1. An automatic guided vehicles (AGVs) (100), comprising:

(a) a data processing unit (102) to control a plurality of adjustable operating parameters;
(b) at least two navigation unit (104), including a primary navigation unit and a secondary navigation unit, and generating a location data;
(c) a transmitting unit (106), connected to the data processing unit (102), for data communication and power transmission, and receiving the location data from the at least two navigation unit (104); and
(d) a base station controller (108), configured with at least one processor, and process the location data in order to guide the automatic guided vehicles (AGVs);
wherein,
the secondary navigation unit configuring a fiber optic gyroscope assembly (200) with an RFID (Radio frequency Identification) detector;
the fiber optic gyroscope assembly (200) use voting logic to route the automatic guided vehicles (AGVs) (100) to a pre-fed location on blocking of the location data from the primary navigation unit; and
the secondary navigation unit use the fall back mechanism to fetch the location data in order to guide the automatic guided vehicles (AGVs) (100) to a pre-fed location.

2. The automatic guided vehicles (AGVs) (100) as claimed in claim 1, wherein the plurality of adjustable operating parameters include but not limited to a data transmission rate between the base station controller (108) and the automatic guided vehicles (AGVs) (100).

3. The automatic guided vehicles (AGVs) (100) as claimed in claim 1, wherein the transmitting unit (106) is connected to a power management unit (110) controlling power usage of the automatic guided vehicles (AGVs) (100).

4. The automatic guided vehicles (AGVs) (100) as claimed in claim 1, wherein the battery management unit (110) is connected to a rechargeable battery.

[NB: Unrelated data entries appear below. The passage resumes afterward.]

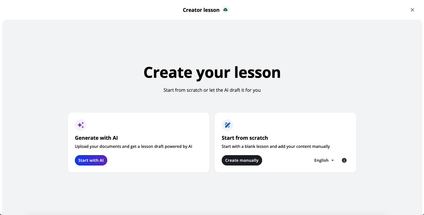 - Start with AI (Avvia con l'IA): è possibile lasciare l'IA creare la lezione al posto dell'utente in base ai documenti e alle richieste. Questa opzione è disponibile solo se le funzioni AI per Creator sono abilitate nel pannello di gestione dell'intelligenza artificiale .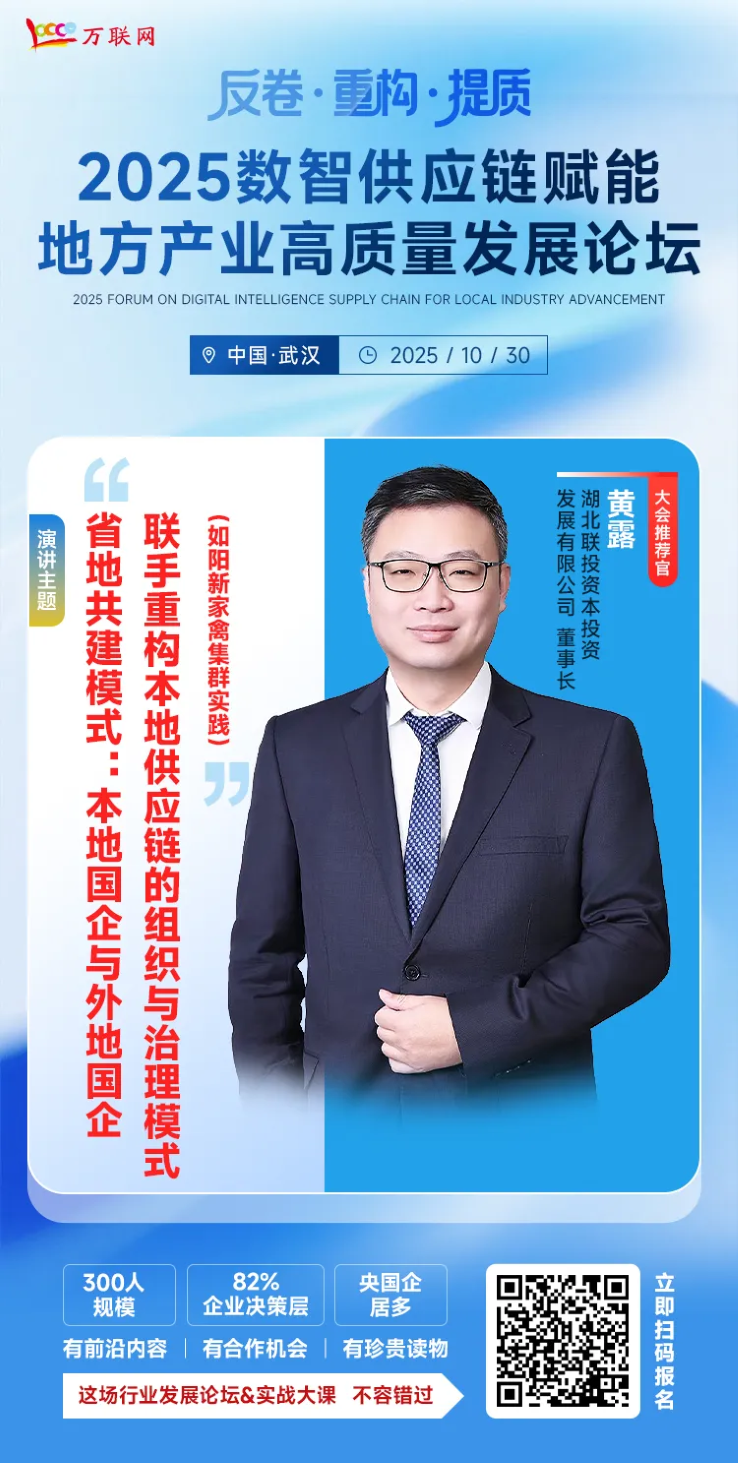如果你想深度学习湖北联投资本采用“省地共建”模式后的落地技巧与实践经验,那么就不要错过万联网将于2025年10月30日在武汉举办2025数智供应链赋能地方产业高质量发展论坛。300人规模、82%决策层参与、央国企居多(金控集团、投资集团、发展集团、城投集团、产投集团、交投集团、商投集团、铁投集团、水投集团、农投集团、物流集团、供销社、农业合作社、供应链公司等)。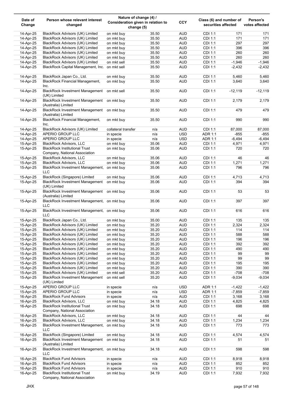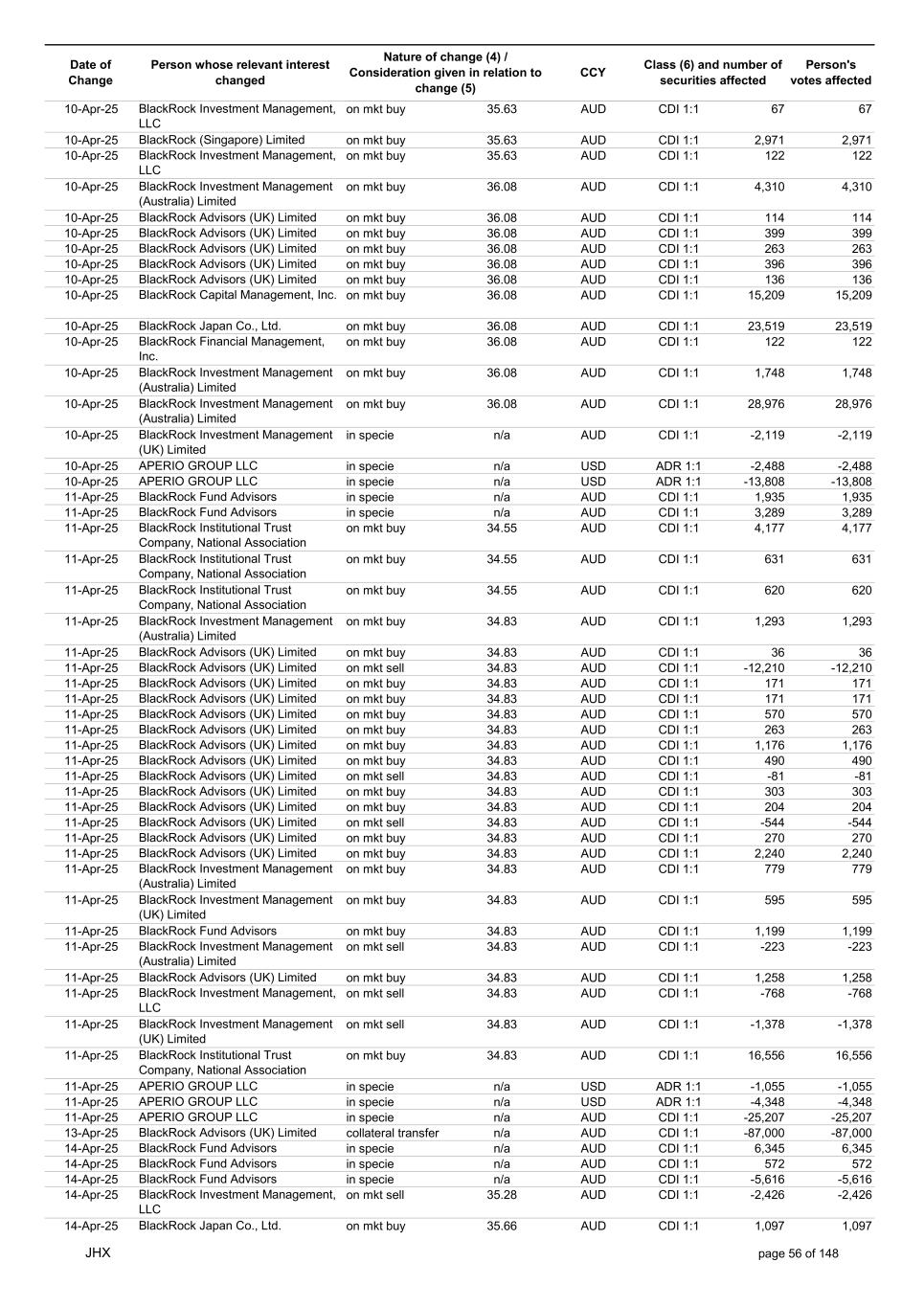 Date of Change Person whose relevant interest changed Nature of change (4) / Consideration given in relation to change (5) Class (6) and number of securities affected Person's votes affected CCY 24-Apr-25 BlackRock Advisors (UK) Limited on mkt buy 36.38 AUD CDI 1:1 464 464 24-Apr-25 BlackRock Investment Management (UK) Limited on mkt sell 36.38 AUD CDI 1:1 -30,375 -30,375 24-Apr-25 BlackRock Japan Co., Ltd. on mkt buy 36.38 AUD CDI 1:1 21,662 21,662 24-Apr-25 BlackRock Investment Management (Australia) Limited on mkt buy 36.38 AUD CDI 1:1 415 415 24-Apr-25 BlackRock Investment Management (Australia) Limited on mkt buy 36.38 AUD CDI 1:1 4,776 4,776 24-Apr-25 BlackRock Investment Management (Australia) Limited on mkt buy 36.38 AUD CDI 1:1 616 616 24-Apr-25 BlackRock Investment Management (UK) Limited on mkt sell 36.38 AUD CDI 1:1 -10,707 -10,707 24-Apr-25 BlackRock Capital Management, Inc. on mkt buy 36.38 AUD CDI 1:1 138 138 24-Apr-25 BlackRock Financial Management, Inc. on mkt buy 36.38 AUD CDI 1:1 4,282 4,282 24-Apr-25 BlackRock Investment Management, LLC on mkt buy 36.38 AUD CDI 1:1 2,828 2,828 24-Apr-25 BlackRock Fund Advisors in specie n/a AUD CDI 1:1 -14,160 -14,160 24-Apr-25 APERIO GROUP LLC in specie n/a USD ADR 1:1 189 189 24-Apr-25 APERIO GROUP LLC in specie n/a USD ADR 1:1 638 638 25-Apr-25 BlackRock Fund Advisors in specie n/a AUD CDI 1:1 -771 -771 25-Apr-25 APERIO GROUP LLC in specie n/a USD ADR 1:1 -366 -366 25-Apr-25 APERIO GROUP LLC in specie n/a USD ADR 1:1 -2,551 -2,551 27-Apr-25 BlackRock Advisors (UK) Limited collateral transfer n/a AUD CDI 1:1 -87,000 -87,000 27-Apr-25 BlackRock Investment Management, LLC in specie n/a AUD CDI 1:1 -562 -562 27-Apr-25 BlackRock Investment Management, LLC in specie n/a AUD CDI 1:1 -7,796 -7,796 28-Apr-25 BlackRock Fund Advisors in specie n/a AUD CDI 1:1 2,170 2,170 28-Apr-25 BlackRock Investment Management (Australia) Limited in specie n/a AUD CDI 1:1 -32,170 -32,170 28-Apr-25 BlackRock Investment Management (Australia) Limited in specie n/a AUD CDI 1:1 -146,228 -146,228 28-Apr-25 BlackRock Investment Management (UK) Limited on mkt buy 37.65 AUD CDI 1:1 8,055 8,055 28-Apr-25 BlackRock Investment Management (UK) Limited on mkt buy 36.94 AUD CDI 1:1 14,368 14,368 28-Apr-25 BlackRock Advisors (UK) Limited on mkt buy 36.83 AUD CDI 1:1 263 263 28-Apr-25 BlackRock Advisors (UK) Limited on mkt buy 36.83 AUD CDI 1:1 100 100 28-Apr-25 BlackRock Advisors (UK) Limited on mkt buy 36.83 AUD CDI 1:1 400 400 28-Apr-25 BlackRock Advisors (UK) Limited on mkt buy 36.83 AUD CDI 1:1 500 500 28-Apr-25 BlackRock Advisors (UK) Limited on mkt buy 36.83 AUD CDI 1:1 99 99 28-Apr-25 BlackRock Advisors (UK) Limited on mkt buy 36.83 AUD CDI 1:1 99 99 28-Apr-25 BlackRock Advisors (UK) Limited on mkt sell 36.83 AUD CDI 1:1 -66 -66 28-Apr-25 BlackRock Advisors (UK) Limited on mkt buy 36.83 AUD CDI 1:1 90 90 28-Apr-25 BlackRock Advisors (UK) Limited on mkt buy 36.83 AUD CDI 1:1 270 270 28-Apr-25 BlackRock Fund Advisors on mkt buy 36.83 AUD CDI 1:1 8,110 8,110 28-Apr-25 BlackRock Institutional Trust Company, National Association on mkt sell 36.83 AUD CDI 1:1 -1,265 -1,265 28-Apr-25 BlackRock Investment Management (Australia) Limited on mkt buy 36.83 AUD CDI 1:1 440 440 28-Apr-25 BlackRock Institutional Trust Company, National Association on mkt buy 36.83 AUD CDI 1:1 18,011 18,011 28-Apr-25 BlackRock Fund Advisors in specie n/a AUD CDI 1:1 56,502 56,502 28-Apr-25 BlackRock Advisors (UK) Limited collateral transfer n/a AUD CDI 1:1 87,000 87,000 28-Apr-25 APERIO GROUP LLC in specie n/a USD ADR 1:1 364 364 28-Apr-25 APERIO GROUP LLC in specie n/a USD ADR 1:1 2,636 2,636 29-Apr-25 BlackRock Fund Advisors in specie n/a AUD CDI 1:1 4,940 4,940 29-Apr-25 BlackRock Fund Advisors in specie n/a AUD CDI 1:1 291 291 29-Apr-25 BlackRock Fund Advisors in specie n/a AUD CDI 1:1 848 848 29-Apr-25 BlackRock Advisors, LLC on mkt buy 36.60 AUD CDI 1:1 6,064 6,064 29-Apr-25 BlackRock Institutional Trust Company, National Association on mkt buy 36.60 AUD CDI 1:1 882 882 29-Apr-25 BlackRock Advisors, LLC on mkt buy 36.60 AUD CDI 1:1 57 57 29-Apr-25 BlackRock Advisors, LLC on mkt buy 36.60 AUD CDI 1:1 1,503 1,503 29-Apr-25 BlackRock Investment Management, LLC on mkt buy 36.60 AUD CDI 1:1 977 977 29-Apr-25 BlackRock (Singapore) Limited on mkt buy 36.60 AUD CDI 1:1 6,067 6,067 29-Apr-25 BlackRock Investment Management (Australia) Limited on mkt buy 36.60 AUD CDI 1:1 67 67 29-Apr-25 BlackRock Investment Management, LLC on mkt buy 36.60 AUD CDI 1:1 723 723 JHX page 60 of 148

5. The automatic guided vehicles (AGVs) (100) as claimed in claim 1, wherein the base station controller (108) is interconnected with an Ethernet switch establishing connection among the data processing unit (102), the transmitting unit (106), the base station controller (108) and the at least two navigation unit (104).

6. The automatic guided vehicles (AGVs) (100) as claimed in claim 1, wherein the Ethernet switch establishing connection among the data processing unit (102), the transmitting unit (106), the base station controller (108), the at least two navigation unit (104) and network.

7. The automatic guided vehicles (AGVs) (100) as claimed in claim 1, wherein the primary navigation unit include but not limited to global navigation satellite (GNSS).

8. The automatic guided vehicles (AGVs) (100) as claimed in claim 1, wherein the pre-fed location is a safe point decided by a user.

9. The method for operating the automatic guided vehicles (AGVs) (100), comprising:
Step 1: the data processing unit (102) activates on activation of the automatic guided vehicles (AGVs) (100);
Step 2: the at least two navigation unit (104) generates a location data and transmit to the transmitting unit (106);
Step 3: the transmitting unit (106) transmitted the location data to the base station controller (108);
Step 4: the at least one processor process the received location data;
Step 5: the at least one processor detects interruption in receiving the location data from the primary navigation unit;
Step 6: the at least one processor activates the secondary navigation unit;
Step 7: the secondary navigation unit activates the fiber optic gyroscope assembly (200); and
Step 8: the fiber optic gyroscope assembly (200) use voting logic to route the automatic guided vehicles (AGVs) (100) to a pre-fed location.